Business Justification: This query can show how much regvenue each time is generating per matchup and each of their valuation. With this data we could get look at a matchup and get an idea of the markets and demand of the opposing team and then make pricing decisions based on the market size regardless of factors like team record. For example, the New York Knicks will always generate high revenues, packed arenas, and high ticket prices regardless of their teams success because of the market they are in. 

In [27]:
%%sql
WITH homeTeamInfo AS (
    SELECT 
        event_id,
        matchup,
        home_team,
        away_team,
        date,
        `2019_2020_Revenue(millions)` AS home_team_2019_2020_Revenue,
        `2018_2019_Revenue(millions)` AS home_team_2018_2019_Revenue,
        `totalTeamValue(millions)` AS homeTeamTotalValue
    FROM games g
    JOIN nba_team_financials ntf
        ON g.home_team = ntf.teamName
)
SELECT *
FROM homeTeamInfo
JOIN (
    SELECT 
        event_id,
        `2019_2020_Revenue(millions)` AS away_team_2019_2020_Revenue,
        `2018_2019_Revenue(millions)` AS away_team_2018_2019_Revenue,
        `totalTeamValue(millions)` AS awayTeamTotalValue
    FROM games g
    JOIN nba_team_financials ntf
        ON g.away_team = ntf.teamName) AS awayTeamInfo
    ON homeTeamInfo.event_id = awayTeamInfo.event_id
ORDER BY date;

 * mysql://admin:***@lmu-dev-01.cenozo6j3rls.us-east-1.rds.amazonaws.com/nba
160 rows affected.


event_id,matchup,home_team,away_team,date,home_team_2019_2020_Revenue,home_team_2018_2019_Revenue,homeTeamTotalValue,event_id_1,away_team_2019_2020_Revenue,away_team_2018_2019_Revenue,awayTeamTotalValue
49,Boston Celtics vs. Chicago Bulls,Boston Celtics,Chicago Bulls,2021-04-19,308,341,3180,49,304,322,3140
46,Detroit Pistons vs. Cleveland Cavaliers,Detroit Pistons,Cleveland Cavaliers,2021-04-19,258,279,1740,46,256,293,1740
3,Los Angeles Lakers vs. Utah Jazz,Los Angeles Lakers,Utah Jazz,2021-04-19,418,459,5140,3,251,273,1710
117,Indiana Pacers vs. San Antonio Spurs,Indiana Pacers,San Antonio Spurs,2021-04-19,228,249,1550,117,279,298,2050
5,Miami Heat vs.

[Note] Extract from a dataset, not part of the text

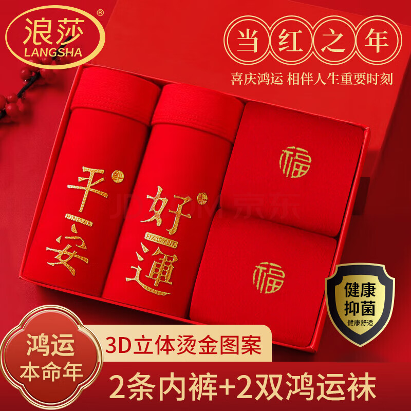 浪莎红色内裤男本命年马年男士纯棉10A抗菌喜庆结婚平角裤+红袜子男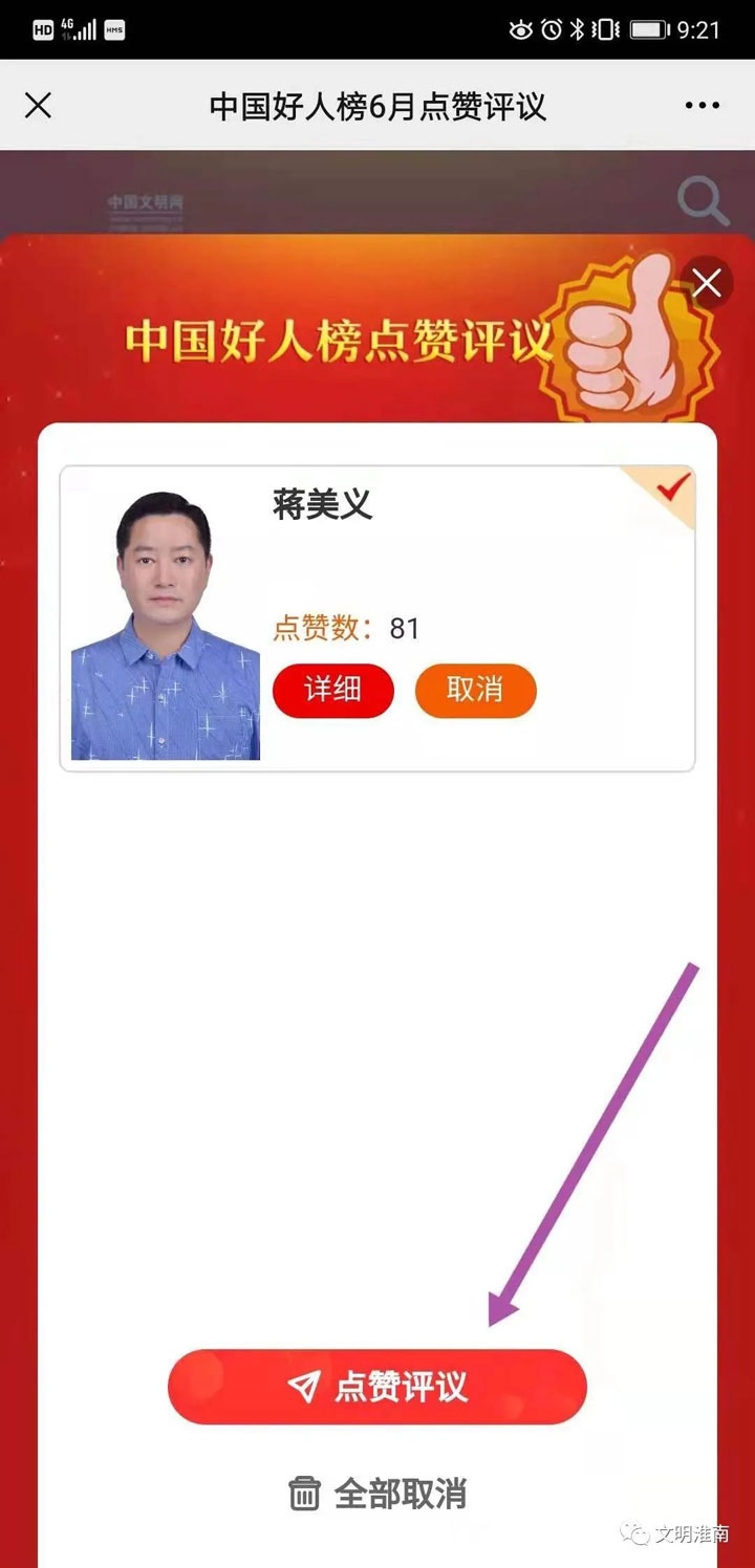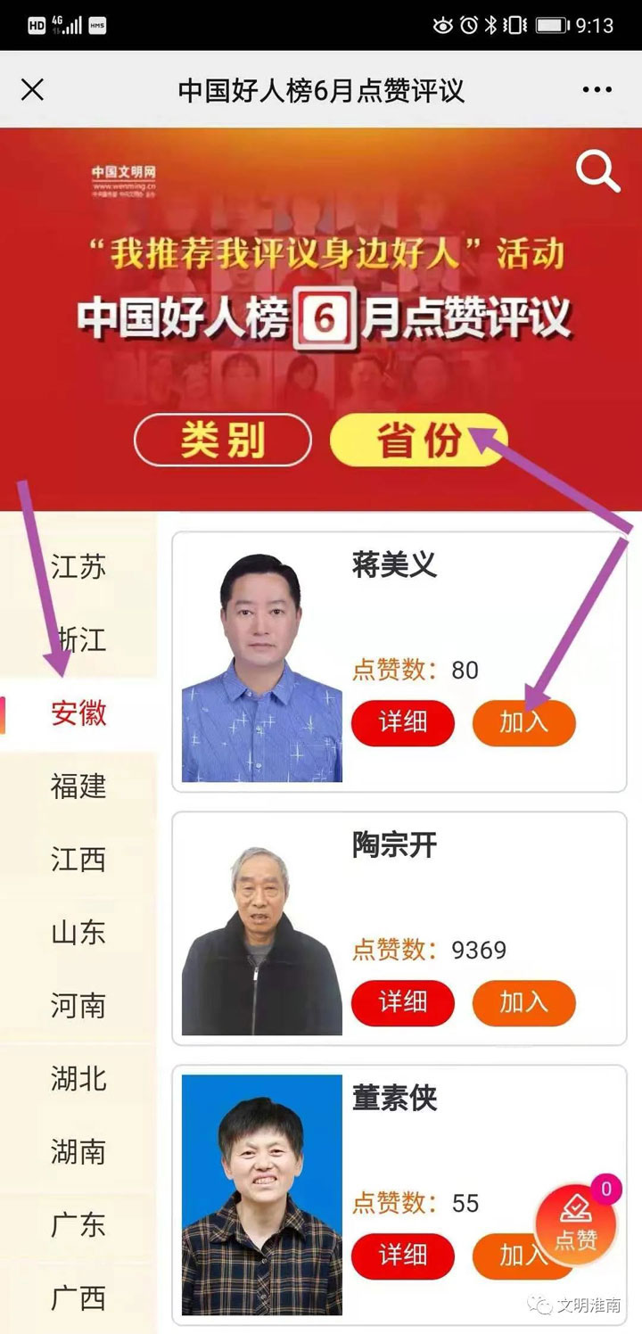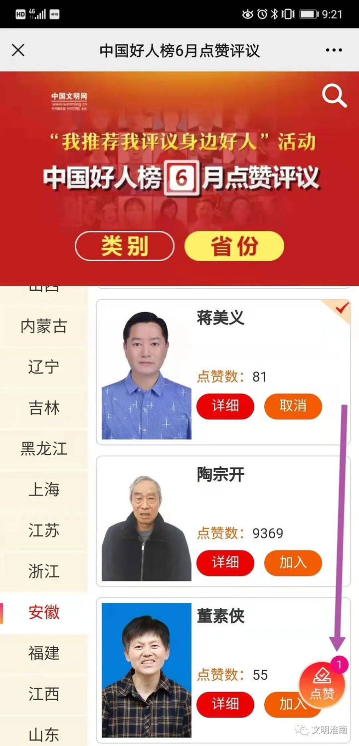 中央文明办依托中国文明网开展网上“我推荐我评议身边好人”活动,定期发布“中国好人榜”,旨在发现身边的凡人善举。经各地文明办筛选、审核、推荐,本月共推出251位候选人,并在网上公示,接受网友点赞评议。从即日起至月末,网友可通过搜索关注“中国文明网”、“凡事不凡”两个微信公众号,通过菜单栏进入点赞页面,每位网友对每位候选人当月只能点赞一次。让我们动动手指,为淮南候选人蒋美义点赞吧!

Houston Rockets,Miami Heat,Houston Rockets,2021-04-19,283,310,2380,5,344,385,2770
106,Milwaukee Bucks vs. Phoenix Suns,Milwaukee Bucks,Phoenix Suns,2021-04-19,259,299,1860,106,231,249,1640
92,Denver Nuggets vs. Memphis Grizzlies,Denver Nuggets,Memphis Grizzlies,2021-04-19,226,259,1770,92,213,229,1360
116,Atlanta Hawks vs. Orlando Magic,Atlanta Hawks,Orlando Magic,2021-04-20,236,254,1540,116,227,249,1530
88,New York Knicks vs. Charlotte Hornets,New York Knicks,Charlotte Hornets,2021-04-20,428,472,5420,88,233,251,1510
145,San Antonio Spurs v Miami Heat Fiesta Sunglasses Giveaway,San Antonio Spurs,Miami Heat,2021-04-21,279,298,2050,145,283,310,2380


Reccomendation: This query should be used to help price tickets for teams based on the teams they are playing and their market size. There are some teams that regardless of their team success, the organizations ability to generate revenue and sell tickets is going to be determined by the market size. For example, a small market team like the Memphis Grizzlies who had regular season and playoff success in the Mike Conley/Marc Gasol era could not generate as high of revenue and ticket sales as a team like the New York Knicks who were not as succesful because of the market each team played in. By looking at the revenue numbers, we can get an idea of how to price tickets based on that.